Neither side wants purchase to turn into a product return. So retailers are trying lots of different strategies to help the consumer understand what they are choosing and making sure it's the right fit the first time.
Five strategies to prevent returns include:
1. Better merchandise descriptions.
The infamous tumblr blue/gold dress aside, great online photography can do wonders in enabling users to get a more accurate and 3D-like encounter with merchandise, especially if it includes tools to see multiple views and zoom in on details. Accurate and detailed product specs and descriptions are also key. According to The Washington Post, Overstock.com is working to upgrade its product photography and descriptions in an initiative to prevent returns.
2. Online fitting tools.
Customers who buy multiple sizes with the intent of keeping the one that fits are one of the biggest challenges to returns prevention. Bloomingdales, Gilt and Saks Fifth Avenue are among retailers providing these tools to help customers select the right size the first time, without having to bracket their purchase with other sizes to ensure a fit. Apparel ecommerce site Asos, for example, has reduced its fit-related returns by up to 50 percent using this strategy.

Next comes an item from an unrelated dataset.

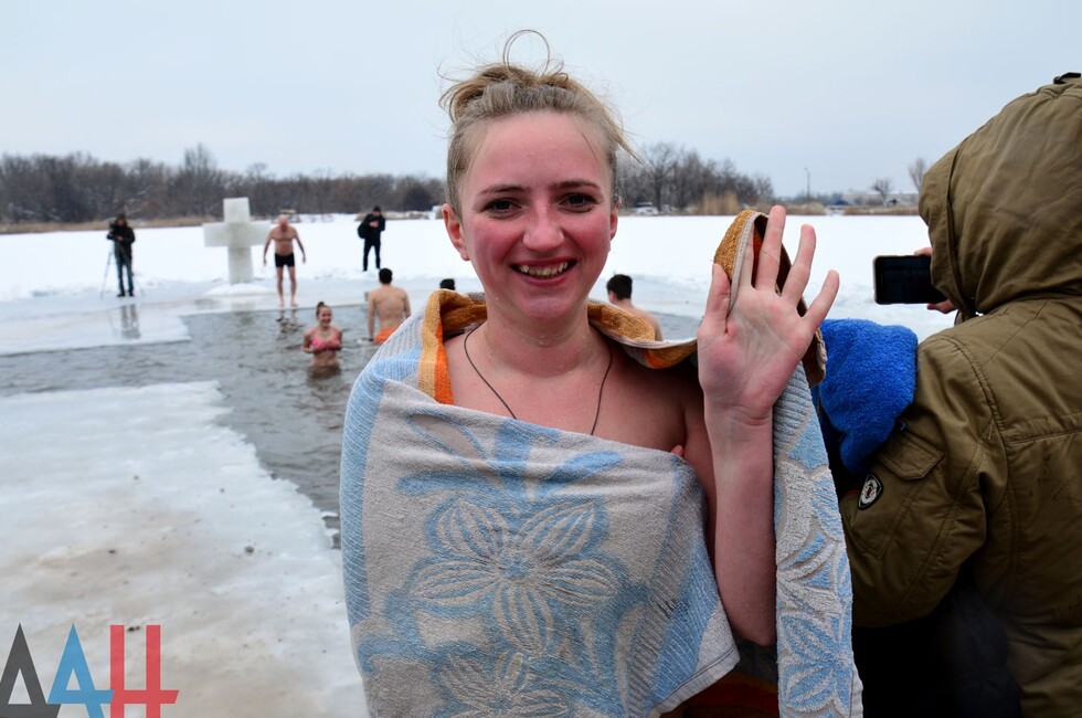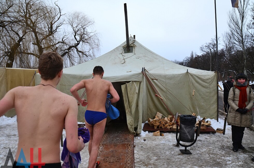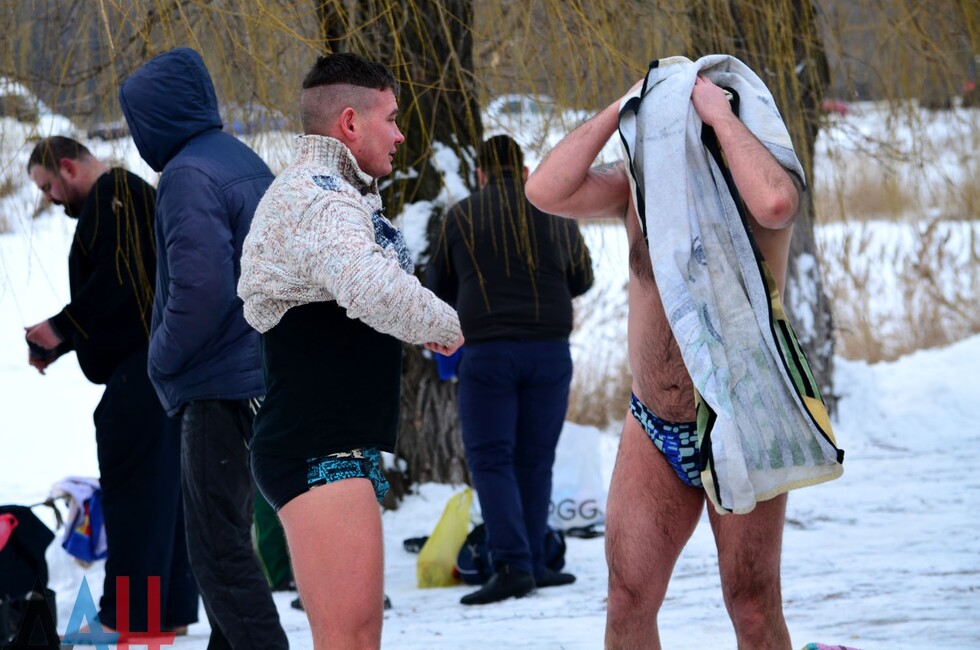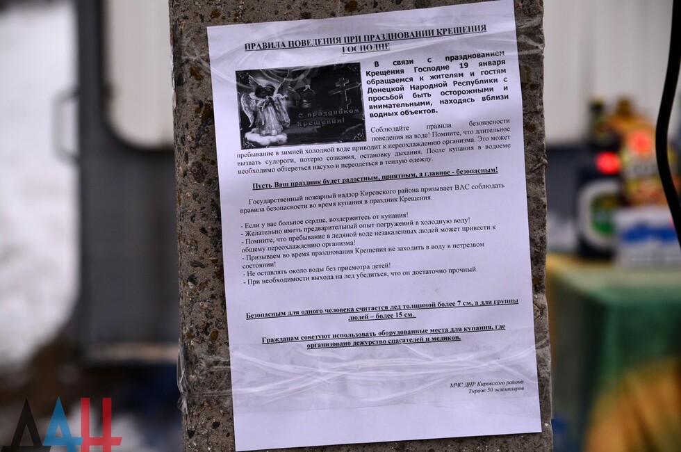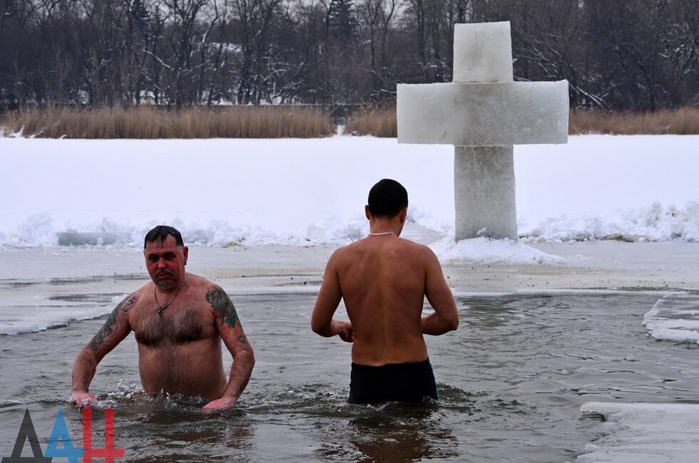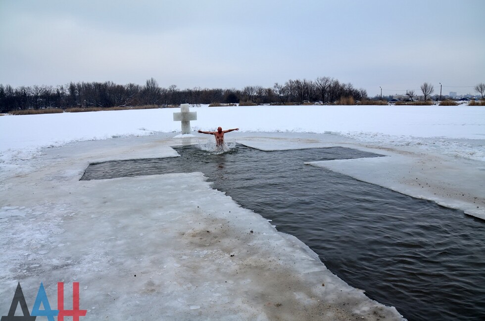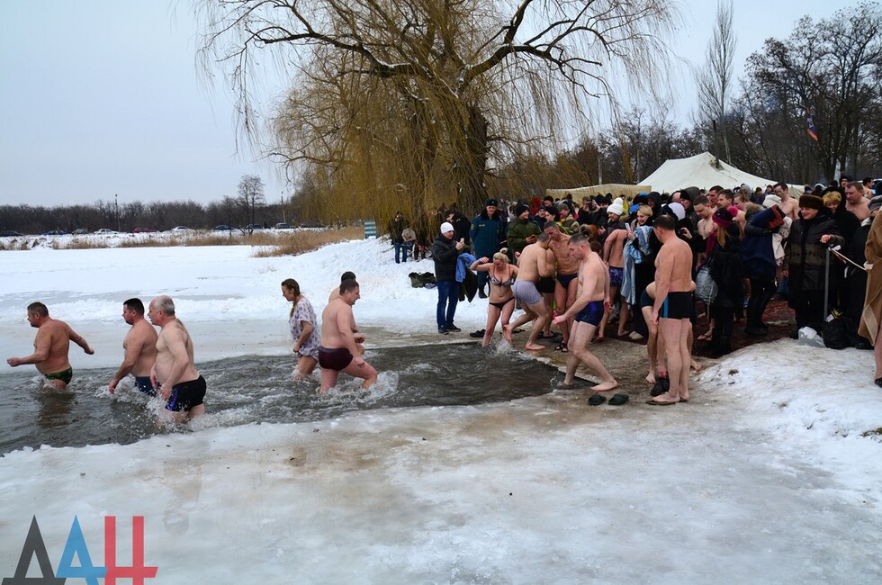 Донецк, 19 янв – корр. ДАН. Сотни жителей крупнейшего в Донецке района - Кировского - собрались сегодня на местном водоеме Чистые пруды, чтобы совершить обряд омовения. Крещенские купания начались около 10:00.

3. Customer feedback and reviews.
Asking customers to provide feedback on products not only helps other shoppers make informed choices, but creates valuable data for retailers to use to modify descriptions and fine-tune future product specs with vendor partners. If runners hate the new type of laces used in the latest style, for example, the retailer can take action to immediately substitute a new lace type for in-stock products and make sure future orders to not use those laces.
4. Free return shipping.
Several studies have documented the premium consumers place on free return shipping as a condition of making a purchase: A National Retail Federation study found that about 59 percent of retailers currently offer free return shipping. But providing free returns is costly. One strategy to lower this cost is to participate with PayPal, which offers to reimburse enrolled customers using its payment method for return shipping costs. PayPal says its program enables merchants who are not already providing this type of service a potentially lucrative revenue driver that can help grow their customer base to shoppers that may not have purchased from them previously, out of concern over shipping costs.
5. Returns analytics.
Retailers are relying more and more on data to drive merchandising decisions, but in many organizations they overlook the very best source of information: Data from returns. By inviting candid feedback and making simple observations about the products being returned, and then applying returns analytics to that data, retailers greatly enrich the insights they have about what consumers want.
Taking steps to prevent product returns is a win-win for everyone: The customer, who finds the right product the first time, and the retailer, who lowers returns costs and fosters repeat orders.